Она долго не могла заснуть. Она всё думала о том, что никто никак не может понять всего, что она понимает, и что в ней есть.
«Соня?» подумала она, глядя на спящую, свернувшуюся кошечку с ее огромной косой. «Нет, куда ей! Она добродетельная. Она влюбилась в Николеньку и больше ничего знать не хочет. Мама, и та не понимает. Это удивительно, как я умна и как… она мила», – продолжала она, говоря про себя в третьем лице и воображая, что это говорит про нее какой то очень умный, самый умный и самый хороший мужчина… «Всё, всё в ней есть, – продолжал этот мужчина, – умна необыкновенно, мила и потом хороша, необыкновенно хороша, ловка, – плавает, верхом ездит отлично, а голос! Можно сказать, удивительный голос!» Она пропела свою любимую музыкальную фразу из Херубиниевской оперы, бросилась на постель, засмеялась от радостной мысли, что она сейчас заснет, крикнула Дуняшу потушить свечку, и еще Дуняша не успела выйти из комнаты, как она уже перешла в другой, еще более счастливый мир сновидений, где всё было так же легко и прекрасно, как и в действительности, но только было еще лучше, потому что было по другому.

На другой день графиня, пригласив к себе Бориса, переговорила с ним, и с того дня он перестал бывать у Ростовых.


31 го декабря, накануне нового 1810 года, le reveillon [ночной ужин], был бал у Екатерининского вельможи. На бале должен был быть дипломатический корпус и государь.
На Английской набережной светился бесчисленными огнями иллюминации известный дом вельможи. У освещенного подъезда с красным сукном стояла полиция, и не одни жандармы, но полицеймейстер на подъезде и десятки офицеров полиции. Экипажи отъезжали, и всё подъезжали новые с красными лакеями и с лакеями в перьях на шляпах. Из карет выходили мужчины в мундирах, звездах и лентах; дамы в атласе и горностаях осторожно сходили по шумно откладываемым подножкам, и торопливо и беззвучно проходили по сукну подъезда.
Почти всякий раз, как подъезжал новый экипаж, в толпе пробегал шопот и снимались шапки.
– Государь?… Нет, министр… принц… посланник… Разве не видишь перья?… – говорилось из толпы. Один из толпы, одетый лучше других, казалось, знал всех, и называл по имени знатнейших вельмож того времени.
Уже одна треть гостей приехала на этот бал, а у Ростовых, долженствующих быть на этом бале, еще шли торопливые приготовления одевания.
Много было толков и приготовлений для этого бала в семействе Ростовых, много страхов, что приглашение не будет получено, платье не будет готово, и не устроится всё так, как было нужно.

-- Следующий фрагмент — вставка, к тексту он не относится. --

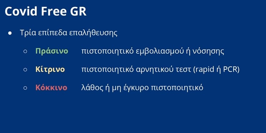 των Ευρωπαϊκών Ψηφιακών Πιστοποιητικών COVID καθώς και των ελληνικών βεβαιώσεων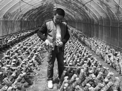邹正云告诉记者,林下食用菌种植是一种以林为主的农林复合共赢的林下经济模式,主要是利用林荫环境,营造适宜菌类生长的小环境,生产食用菌类产品,也是目前较为成功的林下经济模式之一。林下食用菌种植实现了从单纯利用林产资源向林产资源和林地资源结合利用的转变,形成了多维立体产业经济结构,这比单一经营林木能更有效地改善生态环境,实现生态系统的良性循环。“我们用一句话概括,就是‘以林养菌,以菌促林’”,在邹正云占地500亩左右的蘑菇庄园里,林业生产为食用菌的生长创造了环境,而食用菌生长中所产生的养分和物质也对树木的生长有促进作用。
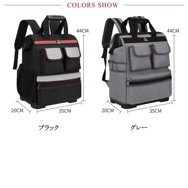 | リュック型大容量ツールバッグ。【強化底部、自立機能】【15ポケット】 リュックデザインなので、普通の手提げのツールバックに比べてより楽に持ち運びできる。 豊富なポケットとホルダーでたっぷり収納、すっきり整理できる。小型工具から電動工具まで収納可能です。 6000D高密度オックスフォードを採用しています。強化縫製でしっかりと仕上げられ、耐荷重、耐摩擦、耐久性に優れてます。 バックパネルやショルダーストラップは幅を広め、柔らかなパッドが付いて、優れた減圧効果があり、長時間に重い工具を負担しても疲れにくいです。また、通気性が高い、汗などを速やかに吸収できます。暑い日でも快適に背負います。 工具入れバッグは様々な道具や工具の収納、携帯に、仕切りがついており大変便利です。ガーデニング、釣り、工芸、建築、大工、請負業者、屋根、ラインマン、石工、鉄工などの作業を携わる人に最適にします。日常生活のDIY活動だけでなく、自動車修理、木工および専門な修理活動も最適です。 | |

Вместе с Ростовыми ехала на бал Марья Игнатьевна Перонская, приятельница и родственница графини, худая и желтая фрейлина старого двора, руководящая провинциальных Ростовых в высшем петербургском свете.
В 10 часов вечера Ростовы должны были заехать за фрейлиной к Таврическому саду; а между тем было уже без пяти минут десять, а еще барышни не были одеты.
Наташа ехала на первый большой бал в своей жизни. Она в этот день встала в 8 часов утра и целый день находилась в лихорадочной тревоге и деятельности. Все силы ее, с самого утра, были устремлены на то, чтобы они все: она, мама, Соня были одеты как нельзя лучше. Соня и графиня поручились вполне ей. На графине должно было быть масака бархатное платье, на них двух белые дымковые платья на розовых, шелковых чехлах с розанами в корсаже. Волоса должны были быть причесаны a la grecque [по гречески].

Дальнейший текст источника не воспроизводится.